People ARE persuaded by rational arguments
Now our friend Dan Williams said it brilliantly once more:
On the issue of whether people change their minds in response to new information or “logical arguments”: You have to understand that people don’t approach an issue or conversation as blank slates. They have a vast, interconnected web of beliefs, assumptions, expectations, values, and concepts, much of which they would find difficult to articulate explicitly and has emerged over many years, shaping how they interpret and respond to new information and integrate it into their worldview. It would be highly irrational to throw away that worldview at the first encounter with contrary evidence or arguments. But this is often precisely what those who complain about human irrationality expect people to do. And when this expectation is violated, they conclude that humans are too irrational to be persuaded by new information. In reality, what looks like a failure to respond to new information is often simply a failure of observers to understand what it’s like to have a radically different perspective on reality. That doesn’t mean that rational argument or persuasion is futile. It just normally takes time, happens gradually, and can be emotionally and socially uncomfortable, which is why good-faith, persuasive arguments are under-supplied.
Moreover, changing one’s mind is not just a matter of processing facts as we have established before with cognitive bias, it will involve renegotiating one’s identity. Beliefs rarely are isolated propositions but parts of emotional and logical ecosystems. To accept a new idea may feel, at some level, like betraying one’s community, former self, or sense of coherence. In any case we know that persuasion is an interpersonal act as much as it is an intellectual one
When argument is framed as combat, people naturally respond with defense rather than any sort of disinterested rational enterprise.

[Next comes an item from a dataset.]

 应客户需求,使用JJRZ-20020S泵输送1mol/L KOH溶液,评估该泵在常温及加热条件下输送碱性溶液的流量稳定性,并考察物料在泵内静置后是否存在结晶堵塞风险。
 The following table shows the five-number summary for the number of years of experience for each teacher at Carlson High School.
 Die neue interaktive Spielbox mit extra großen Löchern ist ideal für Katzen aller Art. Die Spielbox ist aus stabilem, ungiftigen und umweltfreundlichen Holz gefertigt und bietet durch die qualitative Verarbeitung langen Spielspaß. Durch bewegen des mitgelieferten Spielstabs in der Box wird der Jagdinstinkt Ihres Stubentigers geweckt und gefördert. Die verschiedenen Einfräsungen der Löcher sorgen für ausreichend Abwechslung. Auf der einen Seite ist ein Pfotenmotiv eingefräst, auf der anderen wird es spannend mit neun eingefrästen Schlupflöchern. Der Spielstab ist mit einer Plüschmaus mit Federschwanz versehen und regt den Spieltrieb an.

That’s why many people when debating and arguing aim at creating conditions under which genuine reconsideration is possible.

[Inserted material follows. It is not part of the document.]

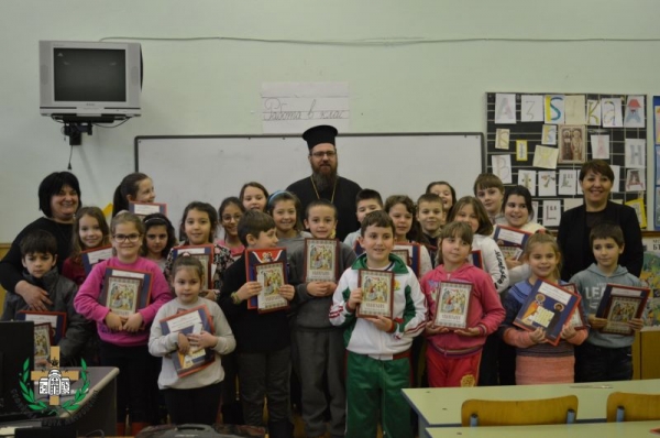 Епископ Поликарп бе посрещнат от директора  Евгения Анакиева и преподавателския състав, след което бе поканен в устроения кабинет по Религия, където го очакваха деца от втори клас, заедно със своята учителка Женя Методиева.

Many times, we often overestimate the logical rigor of our own arguments as well when that unfortunately is typically not going to be the case, of course people are persuaded by rational arguments, if you presented someone an argument with the following form:
1. if P then Q
2. P
3. Therefore Q
example
1. If you hurt dogs, then you are evil
2. You hurt dogs
3. Therefore, you are evil
Most people right away would recognize that the conclusion would follow from the premises if the if all the premises were true, they at best would contest with the truth of individual premises. They would overwhelmingly (or almost certainly) entertain this as a rational argument. Now imagine you used deductive arguments with defensible premises and evidence over and over on that theist or the conservative for the death penalty, do you truly think that at the very least they would not begin to question and reconsider the truthfulness of their position? I would have to say they would
Why it is so important
This, in part, establishes the conditions for genuine dialogue. If you/others believe that your/others views are completely immovable, everyone will stop offering good-faith arguments and resort to rhetorical or disengagement or both. The minute you stop believing people can genuinely be persuaded by rational thought-out arguments, your discourse will likely devolve radically (just look at TikTok comment arguments)
This doesn’t mean that you or everyone else must be easily swayed it’s just that your convictions are earned through engagement with evidence and counterarguments.
Hey, who knows, maybe this article ended up changing your mind despite it probably being one piece of contradictory evidence, maybe it didn’t convince you in the slightest. Either way there are good reasons for both of those and when you look into and examine those reasons why you’ll quickly find why it seems like people cannot be persuaded by rational arguments rather than that actually being the case.